- Chinese teaser poster
- Chinese: 大闹天竺
- Directed by: Wang Baoqiang
- Starring: Wang Baoqiang Bai Ke Vikramjeet Virk Yue Yunpeng Liu Yan
- Music by: Sunny Subramanian
- Production companies: Lekaihua Entertainment (Wuxi) Huoerguosi Enlight Media 浙江诸暨升维传媒有限公司 Beijing Hairun Pictures Tianjin Maoyan Media YiMa Shidai Media (Beijing) Shanghai Mengmi Media Beijing Wanhe Tianyi Media
- Distributed by: Tianjin Maoyan Media Beijing Enlight Pictures Huaxia Film Distribution
- Release date: 28 January 2017 (China);
- Running time: 99 minutes
- Country: China
- Language: Mandarin
- Box office: US$107.9 million

= Buddies in India =

Chinese action adventure comedy film

Buddies in India (大闹天竺) is a 2017 Chinese action adventure comedy film directed by comedian and actor Wang Baoqiang, in his directorial debut, and also starring Wang. It was released in China by Tianjin Maoyan Media, Beijing Enlight Pictures and Huaxia Film Distribution on January 28, 2017. The film has Hindi songs with lyrics written by lyricist Alok Ranjan Jha and music composed by Sunny Subramanian. Chinni Prakash choreographed the song sequence.

==Plot==
An acrobatic monkey loving circus guy accompanies the son of a recently deceased CEO to India to recover his will. His uncle sends many thugs to eliminate them but by sheer luck and dedication of the acrobatic circus man, the young heir of the corporation escapes with his life.

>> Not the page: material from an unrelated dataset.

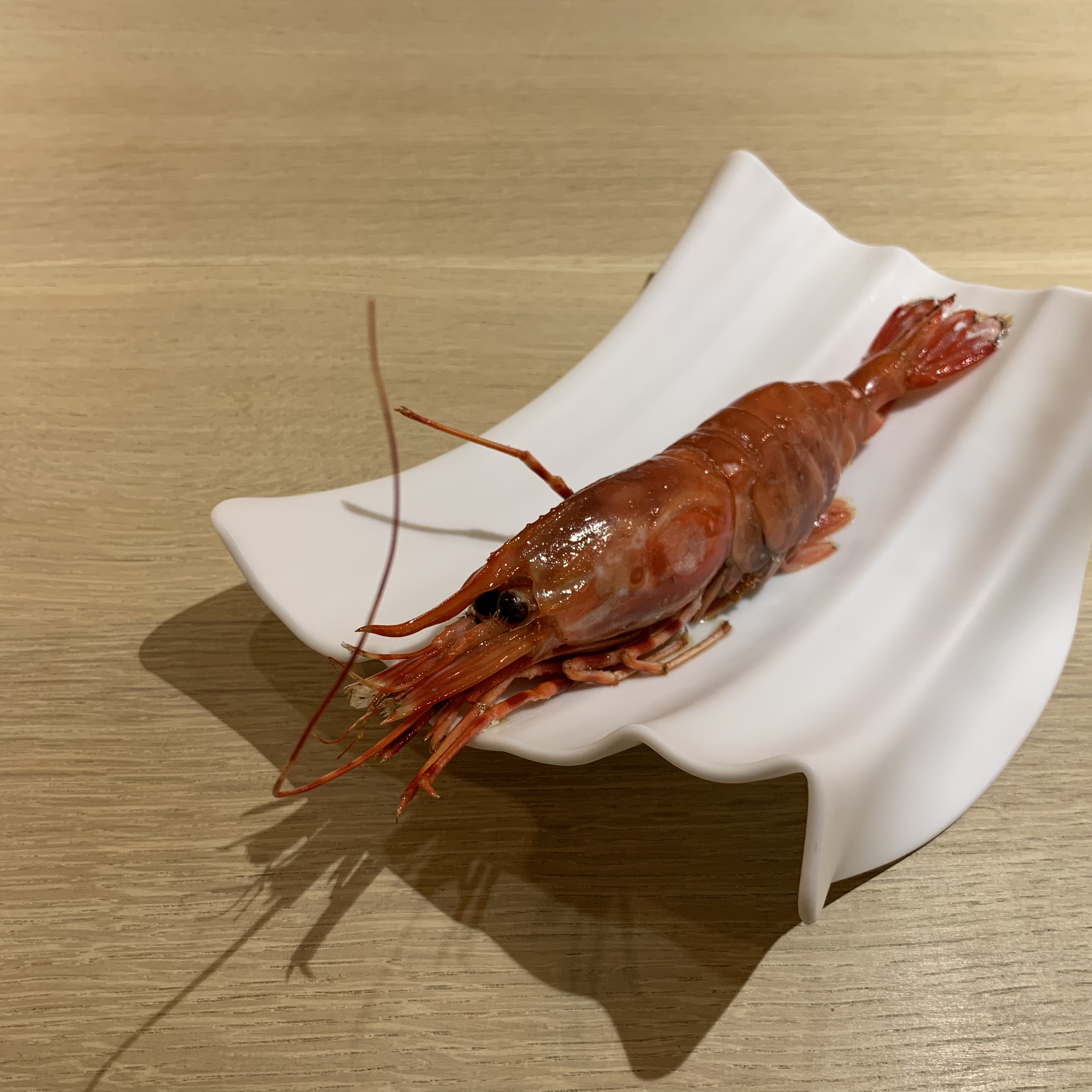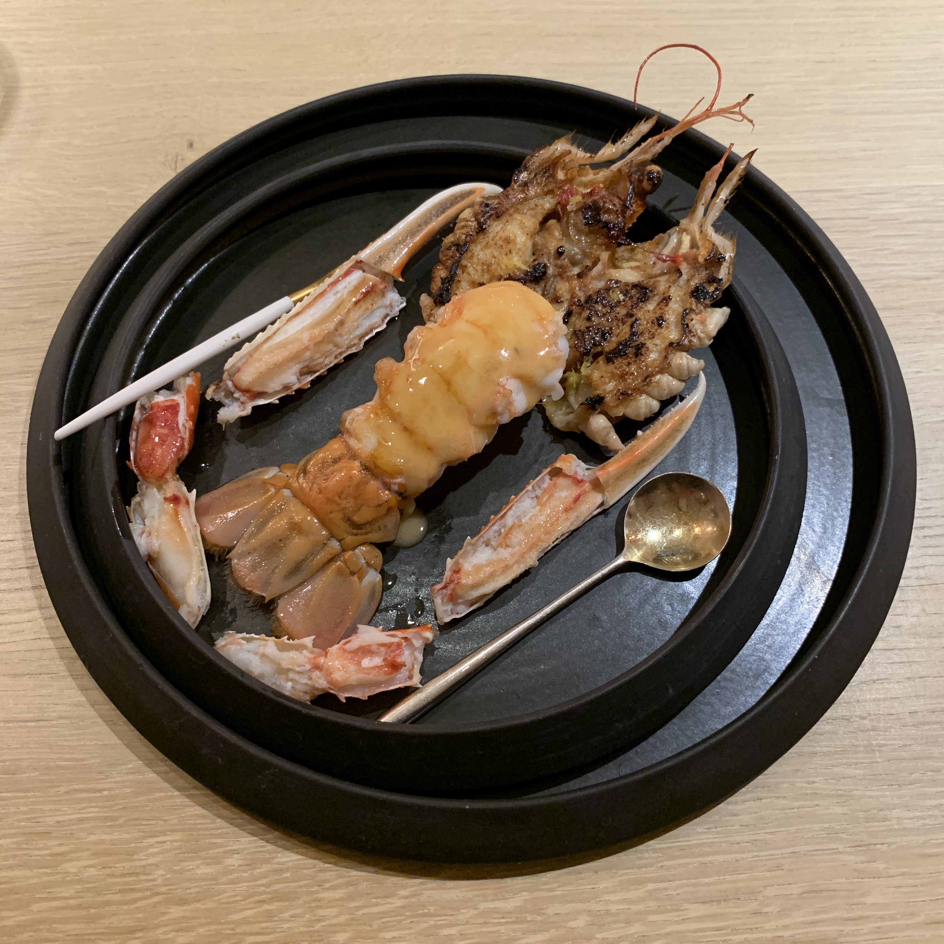 Course 8: We were instructed to tear the prawn’s head off using a twisting motion and then to drink the juices from the head as a start. We would then remove the remainder of the exoskeleton to get at the body. Biting into the flesh, I was stunned by the delicious sweetness of the meat which contained an oceanic note reminiscent of its former environment. I devoured the prawn in seconds and wanted more. Still enthralled, I extracted the brain and every remaining bit of nourishment I could find inside the carapace. This prawn was the exemplar of how a spectacular product, by its innate qualities and characteristics, can elevate dining with little or no alteration. This course was one of my favorites of the evening.

Reaching their destination point they understand the acrobat was a long lost son of the CEO's friend and he send his son to India with the aim to fulfill his promise to his friend who is staying in India.

==Cast==
- Wang Baoqiang as Sun Wukong
- Bai Ke as Tang Sanzang
- Yue Yunpeng as Zhu Bajie
- Ada Liu as Sha Wujing
- Vikramjeet Virk as Bull Demon King
- Liu Haoran as Erlang Shen
- Shruti Sodhi as Queen Iron Fan
- Liu Xiao Ling Tong as Wu Shen
- Justin Roiland as Bodhisattva Guanyin

==Production==
Principal photography was taking place in India in early May 2016. The movie is scheduled to be released on 28 January 2017.

Vikramjeet Virk is the first Indian actor to play the much-revered character of the Bull King.

Indian studio Yash Raj Films was involved in line production, assisting with the film's shooting in India.